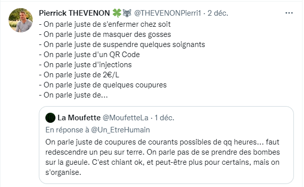 enfants privés d’école en cas de coupures électriques Publié le 5 décembre 2022 par la Solognote Pap n’diaye vient d’annoncer que nos enfants seraient privés d’ecole le matin en cas de coupure d’électricité cet hiver ! On va accepter ça jusqu’à quand ? pic.twitter.com/9dlK3QY7sv— Myriam Palomba (@myriampalomba) December 1, 2022 Partager : Cliquer pour partager sur X(ouvre dans une nouvelle fenêtre) X Cliquez pour partager sur Facebook(ouvre dans une nouvelle fenêtre) Facebook J’aime chargement… Similaire
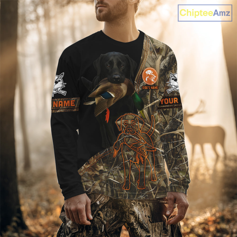 Black Lab Hunting Dog Customized Name All Over Print Shirts For Hunters, Duck Hunting Shirt NHT271
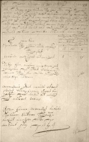 1762 года августа дня Чернавского уезда д(е)р(е)вни Нижнего Стрельца однадворецъ Михайло Александров с(ы)нъ Мясоедов по силе публякованного в прошлом 1761 году генваря 26 дня правительствующего сената указу дал сию скаску о положенных в нижеписанной селе по последней 1747 году ревизии в подушном окладе и с того числа разными случаями убыли и после того внов(ь)рожденныхъ и об(ъ)являх по самой истине безъ всякой утайки а буде впредь к семъ обличенъ явлюсь втоимъ повиненъ буду положенного по указамъ тяжкого штрафа безъвсякаго милосердия

▸ What you are asked to do: Only text belongs in the copy: repeat each line of the data exactly and leave out the pictures.

▸ Output:
 enfants privés d’école en cas de coupures électriques Publié le 5 décembre 2022 par la Solognote Pap n’diaye vient d’annoncer que nos enfants seraient privés d’ecole le matin en cas de coupure d’électricité cet hiver ! On va accepter ça jusqu’à quand ? pic.twitter.com/9dlK3QY7sv— Myriam Palomba (@myriampalomba) December 1, 2022 Partager : Cliquer pour partager sur X(ouvre dans une nouvelle fenêtre) X Cliquez pour partager sur Facebook(ouvre dans une nouvelle fenêtre) Facebook J’aime chargement… Similaire
 Black Lab Hunting Dog Customized Name All Over Print Shirts For Hunters, Duck Hunting Shirt NHT271
 1762 года августа дня Чернавского уезда д(е)р(е)вни Нижнего Стрельца однадворецъ Михайло Александров с(ы)нъ Мясоедов по силе публякованного в прошлом 1761 году генваря 26 дня правительствующего сената указу дал сию скаску о положенных в нижеписанной селе по последней 1747 году ревизии в подушном окладе и с того числа разными случаями убыли и после того внов(ь)рожденныхъ и об(ъ)являх по самой истине безъ всякой утайки а буде впредь к семъ обличенъ явлюсь втоимъ повиненъ буду положенного по указамъ тяжкого штрафа безъвсякаго милосердия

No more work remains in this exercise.